Si bien el MAG ha entregado incentivos y promovido buenas prácticas agrícolas, no se ha logrado revertir la caída histórica en la producción ni reducir la vulnerabilidad ante el cambio climático de manera estructural. La ausencia de una política nacional agropecuaria robusta, con énfasis en sistemas de riego, investigación tecnológica y acceso a créditos, deja al sector en una posición vulnerable.

La falta de previsión sobre el impacto acumulado del cambio climático y los costos crecientes de producción ha sido un factor que dificulta la respuesta oportuna ante esta problemática.

Implicaciones para la seguridad alimentaria y la economía nacional

La gravedad del déficit proyectado implica que El Salvador tendrá que incrementar su dependencia de las importaciones para cubrir la demanda interna de granos básicos. Esto puede traducirse en un aumento de los precios de la canasta básica, presionando la inflación alimentaria y afectando especialmente a los hogares de menores ingresos.

Si bien no se trata de una crisis inevitable, la situación exige una respuesta inmediata y contundente para fortalecer la producción nacional. Expandir los paquetes agrícolas con semillas certificadas resistentes a la sequía, fertilizantes y asistencia técnica focalizada es fundamental. Además, se debe priorizar la atención a las zonas con mayor potencial productivo mediante la implementación de sistemas de riego de emergencia.

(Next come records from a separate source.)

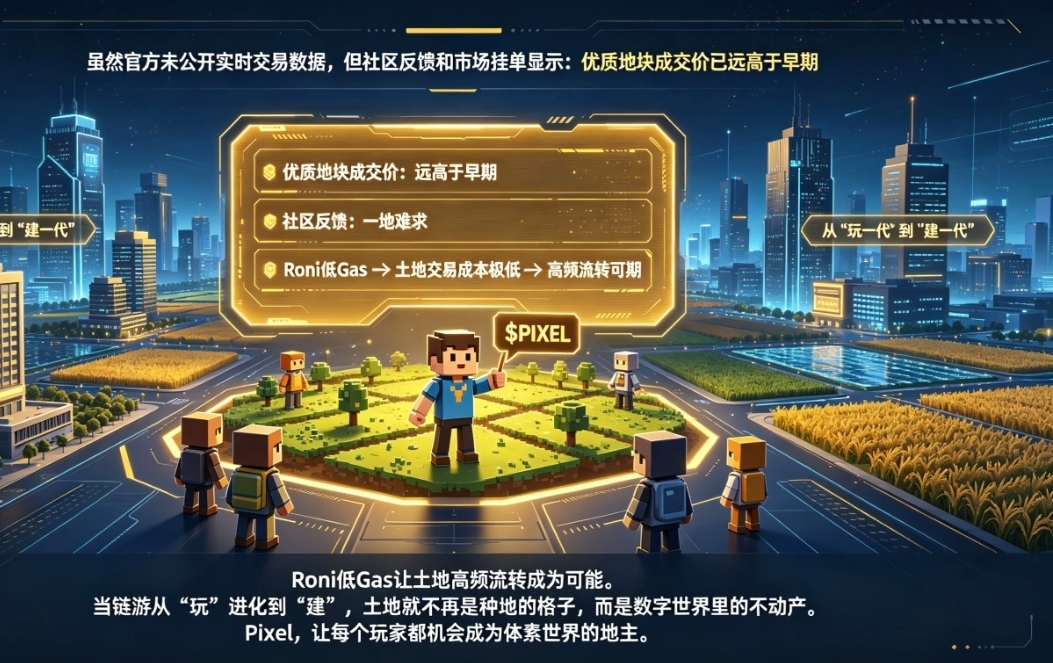 根据我查到的消息,虽然目前来说官方没有公开土地交易的实时数据,但我从社区反馈和市场挂单来看,项目游戏里边优质地块的成交价已经远远的高于早期的时候了。我觉得随着Pixels生态持续扩张,它的土地作为数字地产的稀缺性和唯一性只会变得越来越突出。更何况说,Ronin链的低Gas费也会让土地交易成本变得很低很低,这个低费用成功的让土地后续的高频流转成为可能,希望后边最好能0成本买卖。
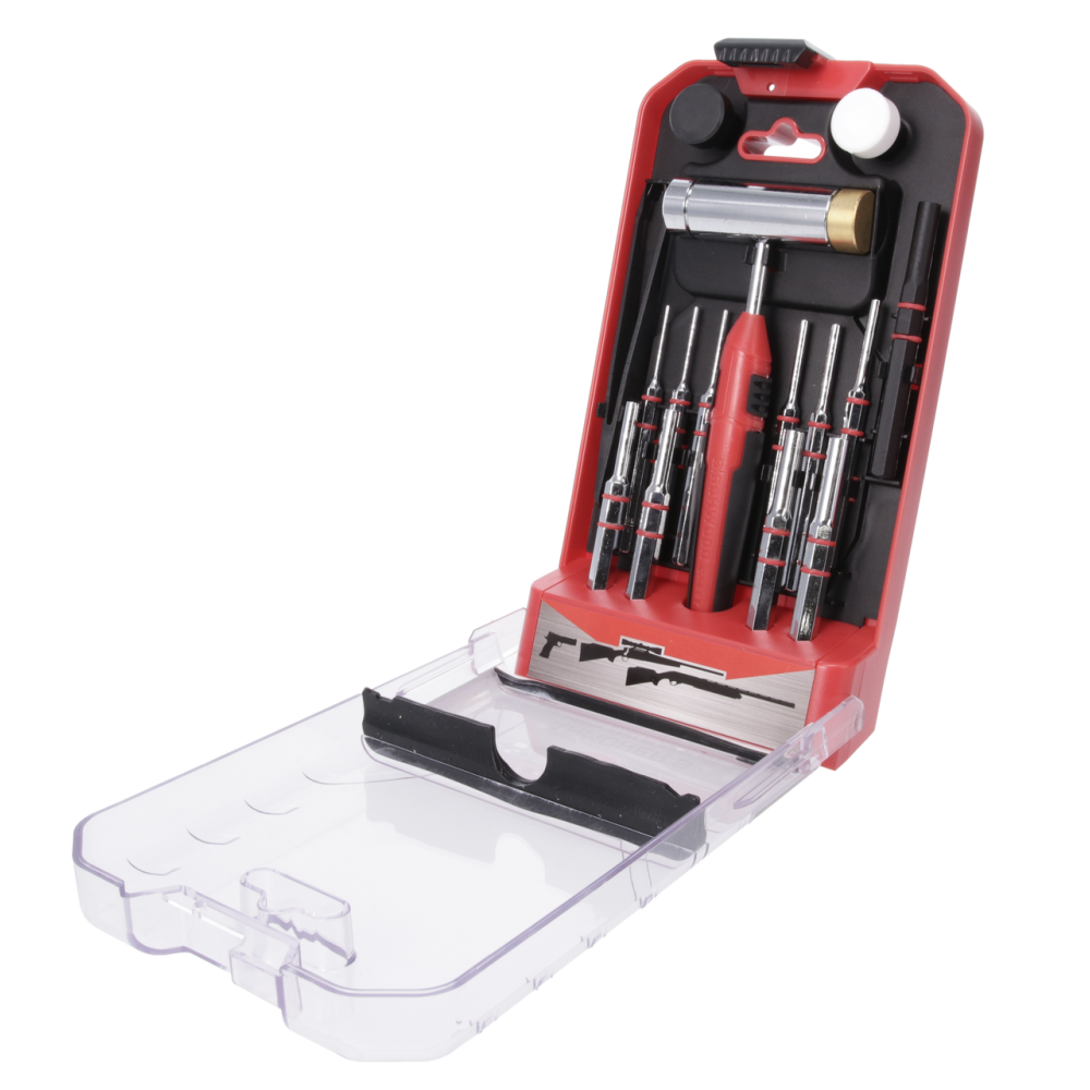 Набор инструментов Armorer's Hammer and Punch Kit включает молоток с двумя рабочими поверхностями и сменными насадками — стальной, латунной, нейлоновой и резиновой для универсального применения в разных задачах. В набор также входят 10 стальных выколоток размеров от 1/16" до 9/32" и одна смоляная выколотка 5/16". Дополнительно в комплект входит инструмент для выравнивания штифтов для точной работы и самоклеящаяся магнитная полоска для надежного удержания мелких металлических деталей. Встроенная подставка обеспечивает устойчивость при использовании, а крышка футляра может использоваться как лоток для деталей, обеспечивая удобство и порядок.
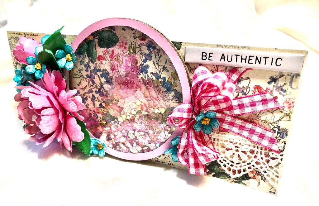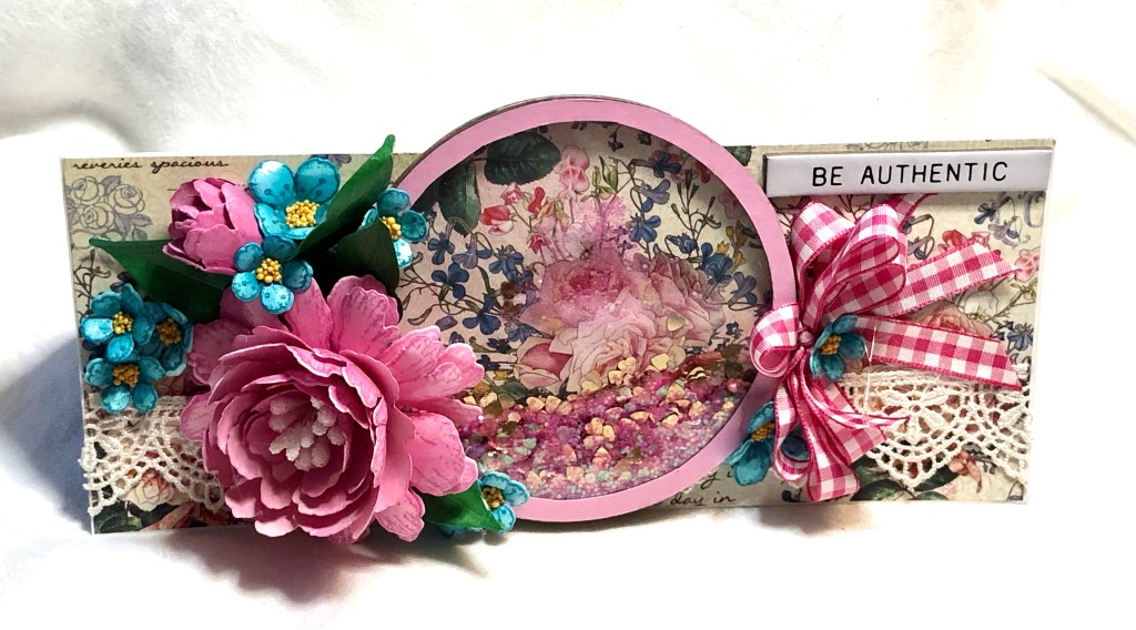 This card measures about 9” x 4”, and I selected papers from Ultimate Crafts Bohemian Bouquet, and created a shaker box to bring more attention to the featured image.
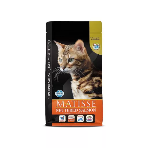 Összetevők: dehidratált hal (lazac) (32%), rizs (25%), kukorica, kukorica glutén, borsórost (8%), dehidratált csirkehús, csirkezsír, szárított cukorrépapép (6%), hidrolizált állati eredetű fehérje, halolaj, növényi olaj, dehidratált egész tojás, útifűmag, nátrium-klorid, kálium-klorid, kálcium-szulfát-dihidrát, szárított sörélesztő, mono-nátrium-foszfát.

Medidas urgentes para mitigar el impacto

Visión de país para un futuro sostenible

Gobierno y sector productivo deben actuar con urgencia técnica y visión estratégica para garantizar la soberanía alimentaria del país. Aumentar la producción con calidad es la única forma de reducir la vulnerabilidad frente a las fluctuaciones del mercado internacional y los efectos del cambio climático.

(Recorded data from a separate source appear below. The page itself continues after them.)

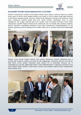 gereken laboratuvar analizlerinde Burhaniye Ticaret Odası Laboratuvarını kullanabileceklerini, iki oda
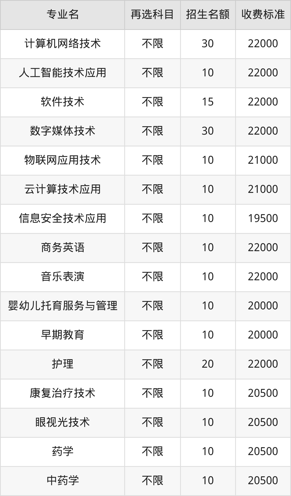 | 专科高职批 | 历史 | 信息安全技术应用 | 10 |
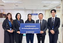 นายสมพงษ์ มากมณี รองผู้ว่าราชการจังหวัดนครศรีธรรมราช รองผู้อำนวยการศูนย์อำนวยการจิตอาสาพระราชทาน จังหวัดนครศรีธรรมราช (คนที่ 3 จากขวา) รับมอบน้ำดื่มจำนวน 1,000 ขวด จาก บมจ.กรุงไทย-แอกซ่า ประกันชีวิต โดย คุณอัญรินทร์ วุฒิมนตรีภัสร์ ผู้อำนวยการธุรกิจ ฝ่ายตัวแทน สำนักงาน 80J จังหวัดนครศรีธรรมราช (คนที่ 3 จากซ้าย) พร้อมตัวแทนในพื้นที่จังหวัดนครศรีธรรมราช ร่วมส่งมอบน้ำดื่ม พร้อมส่งกำลังใจ ให้แก่ผู้ประสบอุทกภัยในจังหวัดนครศรีธรรมราช
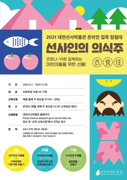 [충청뉴스큐] 대전선사박물관은 9월부터 11월까지 초등학생 동반 가족을 대상으로 온라인 교육 프로그램 2021년 대전선사박물관 집콕탐험대 ‘선사인의 의식주’를 운영한다.
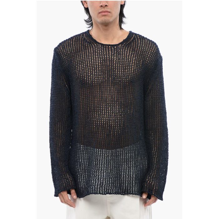 Jil Sander Crew Neck Openwork Cotton Sweater
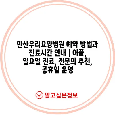 안산우리요양병원 예약 방법과 진료시간 안내 | 어플, 일요일 진료, 전문의 추천, 공휴일 운영
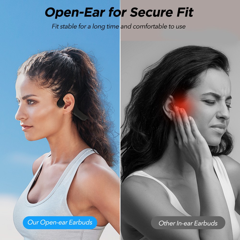 Features: 1.Open-Ear Design: With an open ear design, bone conduction headphones use vibration to transmit sound through the cheekbone to the interior for balanced and clear audio and optimal volume, allowing you to enjoy music while still sensing the sound around you. 2.Waterproof Sports Headphones: Open ear headphones with IPX6 waterproof rating standard certification, which can prevent sweat, dust, and moisture. With waterproof and sweatproof Bluetooth headphones even if you sweat during your exercise, and sports Earphones it is durable enough for you to experience a hassle-free workout. .

Por ahora, la política agrícola en El Salvador muestra señales de haber sido más reactiva que proactiva, con acciones que en ocasiones responden a ocurrencias más que a un conocimiento profundo y planificación estructurada. La construcción de una política nacional agropecuaria sólida, basada en evidencia técnica y participación multisectorial, es una tarea impostergable para asegurar la estabilidad alimentaria y económica del país en los próximos años.